片麻痺患者の例では、関節拘縮は肩関節屈曲・外転・外旋、膝関節屈曲、手関節・手指屈曲、股関節外転・外旋・伸展、膝関節屈曲、足関節底屈です。

不安定である肩関節は疼痛を起こしやすく慎重に扱う必要があります。急性期の拘縮の発生状況では、肩関節に50%程度関節可動域制限がおこっています。

回復期


回復期での拘縮の発生状況は、肩関節で最も多くて7割以上です。次に多いのが足関節で半数弱です。

回復期は、積極的にリハビリテーションプログラムが行われる時期です。片麻痺患者では痙性が高まる時期です。

活動量の増加により麻痺側は連合反応の影響を受けて、筋緊張の亢進、関節運動の制限、拘縮へと陥りやすいです。

この時期に患者に過度の努力をさせないように、ADL場面での患者の状況に応じた介助方法や介助量を共通の認識をもって接することが重要です。

維持期


維持期の拘縮の発生状況は、回復期と同様に肩関節と足関節に多く、肘・手・股関節の制限は4〜5割の患者に認められます。
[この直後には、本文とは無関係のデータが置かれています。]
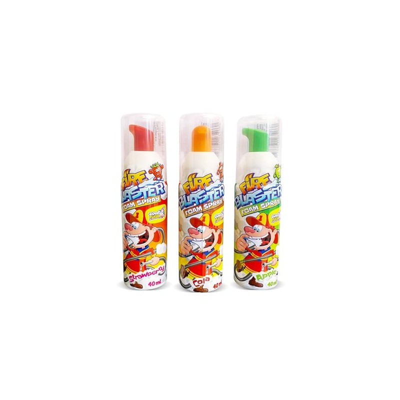 Fire Blaster Schaumspray 3er Set (3x40ml) – Aufschäumbare Fruchtschaum-Süßigkeit | 1x Apfel + 1x Cola + 1x Erdbeere in Feuerlöscheroptik | Für Mottopartys, Kindergeburtstage & Probierpaket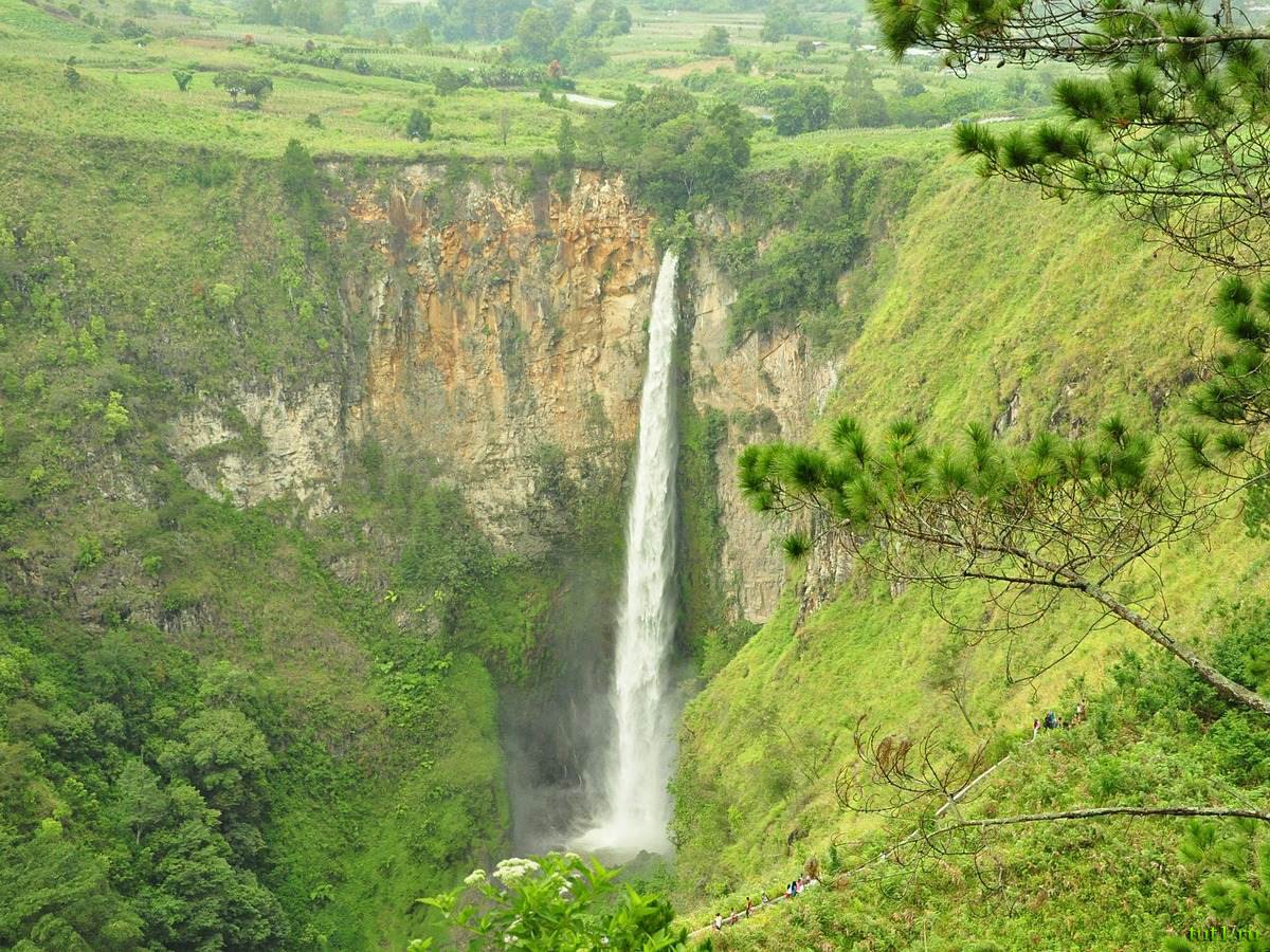 По-соседству с песчаными барханами разных оттенков, красивейший 300-т метровый водопад падает в кратер с вершины, потухшего давным-давно, вулкана.

維持期における拘縮予防は、施設や在宅でのADL能力、活動性の維持と改善が重要です。

生活パターン、ADL動作パターンを把握し、患者指導、家族への介護指導を行います。

それらのかかわりが筋力や関節の柔軟性の維持・改善といった予防につながります。

まとめ

・拘縮は急性期・回復期・維持期のすべての時期で発生する。
・ADLや動作パターンを把握し介助法・介助量を設定する。
・リハビリ職、看護師、介護職などで常に情報交換をして連携する。
・在宅では、患者指導、家族指導も大切である。